STORED DATA.
- Opening Delimiter -
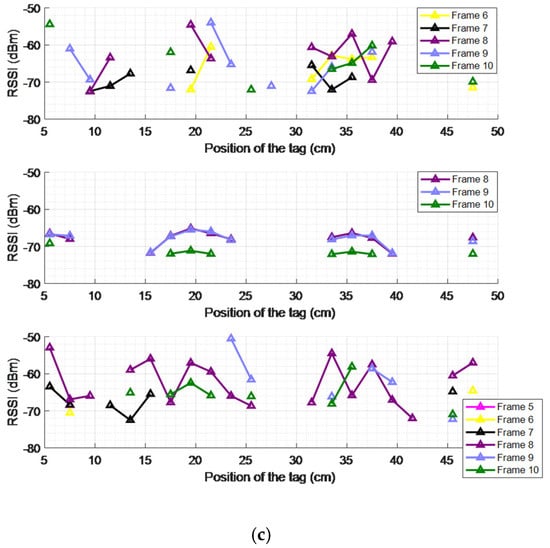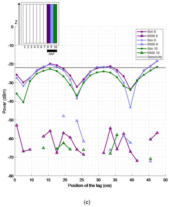 RSSI measurements and simulated received power versus the position of the tag, considering different frames, for the left (a), center (b), and right (c) reader antenna placements.
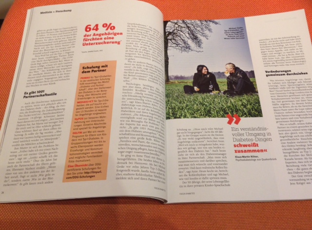 Mit dem heutigen Thema der Diabetes Blog Woche #DBW2015 habe ich mich in diesem Frühjahr bereit intensiv beschäftigt. Da hatte ich nämlich den Auftrag, die Titelgeschichte für den Focus Diabetes zu schreiben. Thema: Diagnose Diabetes – Was Angehörige wissen müssen. Für meine Geschichte suchte ich via Facebook Fallbeispiele: Menschen, die bereit waren, mit mir darüber zu reden, wie der Diabetes ihr Familienleben oder ihre Partnerschaft beeinflusst. Zusätzlich befragte ich Diabetologen und Psychologen, die in ihren Praxen häufig mit familiären Konflikten infolge des Diabetes zu tun haben. Die Gespräche waren intensiv und gingen mir sehr nahe. Sie machten mir unter anderem auch bewusst, wie gut ich in meinen zwischenmenschlichen Beziehungen aufgehoben bin – auch mit meinem Diabetes. Ich habe diese Geschichte bislang noch nicht auf meinem Blog veröffentlicht und finde, das heutige DBW-Thema ist eine gute Gelegenheit, dies nachzuholen.
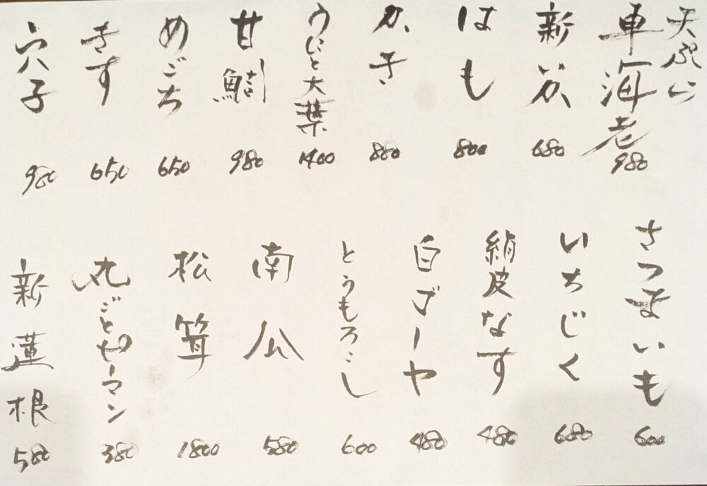 |  天ぷら(旬の食材・活車海老など) | 300円〜 |
- Closing Delimiter -
EXERCISE BRIEF.
Retype the full listing exactly; pictures stay out.

ANSWER AREA.
 RSSI measurements and simulated received power versus the position of the tag, considering different frames, for the left (a), center (b), and right (c) reader antenna placements.
 Mit dem heutigen Thema der Diabetes Blog Woche #DBW2015 habe ich mich in diesem Frühjahr bereit intensiv beschäftigt. Da hatte ich nämlich den Auftrag, die Titelgeschichte für den Focus Diabetes zu schreiben. Thema: Diagnose Diabetes – Was Angehörige wissen müssen. Für meine Geschichte suchte ich via Facebook Fallbeispiele: Menschen, die bereit waren, mit mir darüber zu reden, wie der Diabetes ihr Familienleben oder ihre Partnerschaft beeinflusst. Zusätzlich befragte ich Diabetologen und Psychologen, die in ihren Praxen häufig mit familiären Konflikten infolge des Diabetes zu tun haben. Die Gespräche waren intensiv und gingen mir sehr nahe. Sie machten mir unter anderem auch bewusst, wie gut ich in meinen zwischenmenschlichen Beziehungen aufgehoben bin – auch mit meinem Diabetes. Ich habe diese Geschichte bislang noch nicht auf meinem Blog veröffentlicht und finde, das heutige DBW-Thema ist eine gute Gelegenheit, dies nachzuholen.
 |  天ぷら(旬の食材・活車海老など) | 300円〜 |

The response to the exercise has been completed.